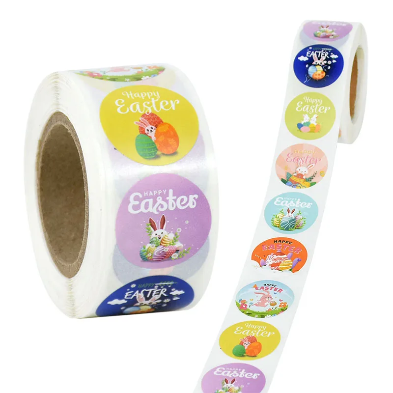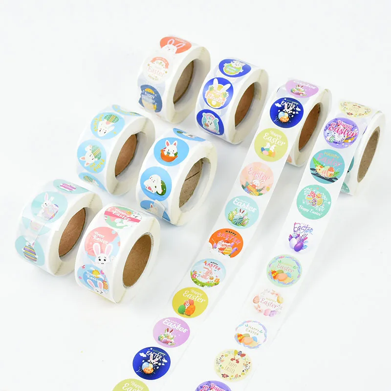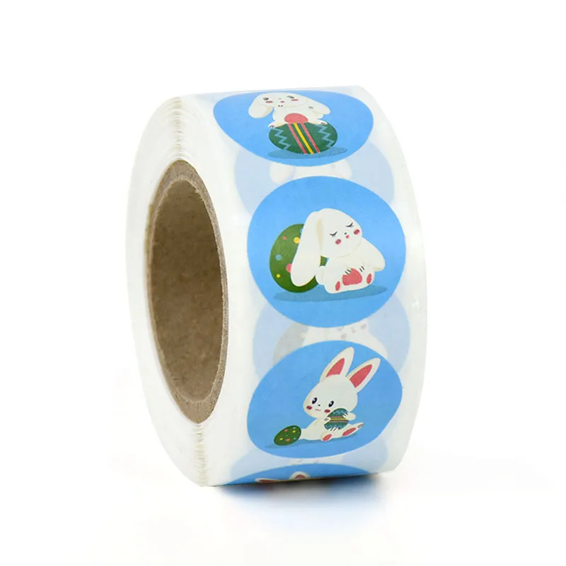 500 шт.рулон, пасхальные наклейки с принтом в виде симпатичных крол...
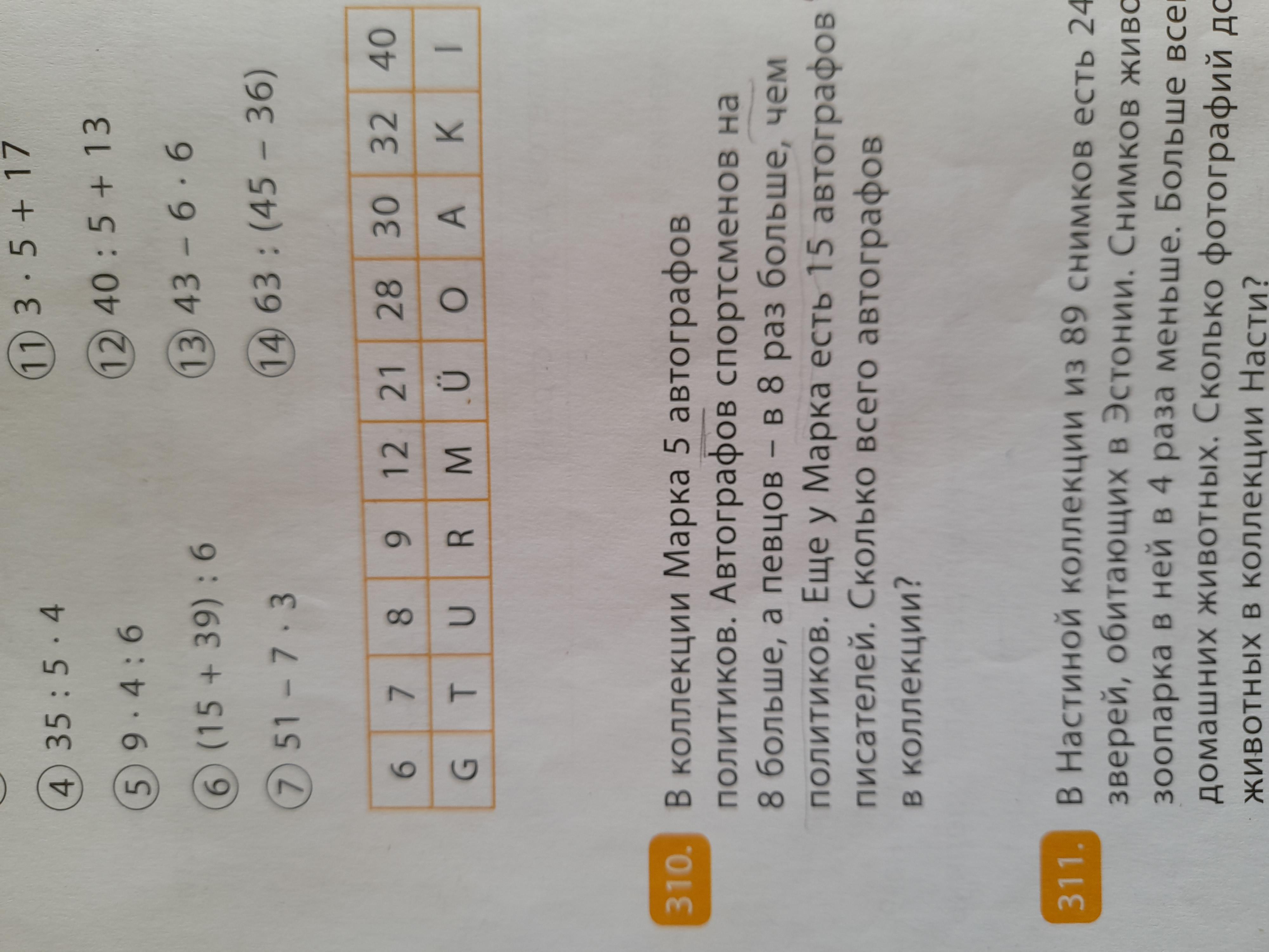 В коллекции Марка 5 автографов политиков.Автографов спортсменов на 8 больше,а певцов - в 8 раз больше чем политиков.Ещё у Марка есть 15 автографов писателей.Сколько всего автографов в коллекции? Задание номер 310
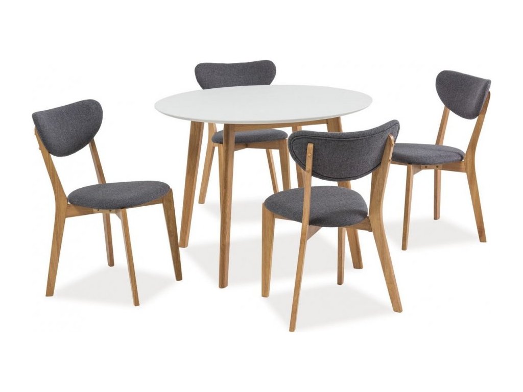 Jídelní kulatý stůl ve stylu Scandinavian. Deska stolu je vyrobena z kvalitní MDF v kombinaci s přírodní dýhou v bílé barvě, nohy stolu jsou z masivního dřeva - dub. K tomuto stolu doporučujeme židle v naší nabídce. Dodáváme v demontovaném stavu.Doplňkové parametry
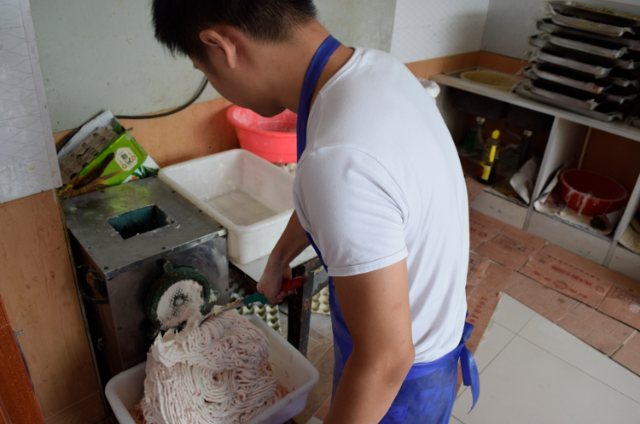 白河肉糕配料精心,豬肉要選七分肥三分瘦,雞蛋需要分離蛋清、蛋黃。其制作工序較為復(fù)雜:首先,將清洗過(guò)的肉放在砧板上,用木杖槌搗成泥,用水調(diào)和均勻。其次,加入適量的淀粉、蛋清,配以鹽和適量蔥姜汁等佐料攪拌均勻。再次,把蘿卜切成條塊,在蒸籠里擺成長(zhǎng)方形模具狀,填入搗好的肉泥,蒸十分鐘。待初步定型后,取籠往肉糕上均勻涂抹蛋黃,每蒸五分鐘涂抹一次。如此三次過(guò)后,正宗的肉糕才算做成。

Task to carry out: Return the listing verbatim; pictures are not part of the copy.

Output for this exercise:
 500 шт.рулон, пасхальные наклейки с принтом в виде симпатичных крол...
 В коллекции Марка 5 автографов политиков.Автографов спортсменов на 8 больше,а певцов - в 8 раз больше чем политиков.Ещё у Марка есть 15 автографов писателей.Сколько всего автографов в коллекции? Задание номер 310
 Jídelní kulatý stůl ve stylu Scandinavian. Deska stolu je vyrobena z kvalitní MDF v kombinaci s přírodní dýhou v bílé barvě, nohy stolu jsou z masivního dřeva - dub. K tomuto stolu doporučujeme židle v naší nabídce. Dodáváme v demontovaném stavu.Doplňkové parametry
 白河肉糕配料精心,豬肉要選七分肥三分瘦,雞蛋需要分離蛋清、蛋黃。其制作工序較為復(fù)雜:首先,將清洗過(guò)的肉放在砧板上,用木杖槌搗成泥,用水調(diào)和均勻。其次,加入適量的淀粉、蛋清,配以鹽和適量蔥姜汁等佐料攪拌均勻。再次,把蘿卜切成條塊,在蒸籠里擺成長(zhǎng)方形模具狀,填入搗好的肉泥,蒸十分鐘。待初步定型后,取籠往肉糕上均勻涂抹蛋黃,每蒸五分鐘涂抹一次。如此三次過(guò)后,正宗的肉糕才算做成。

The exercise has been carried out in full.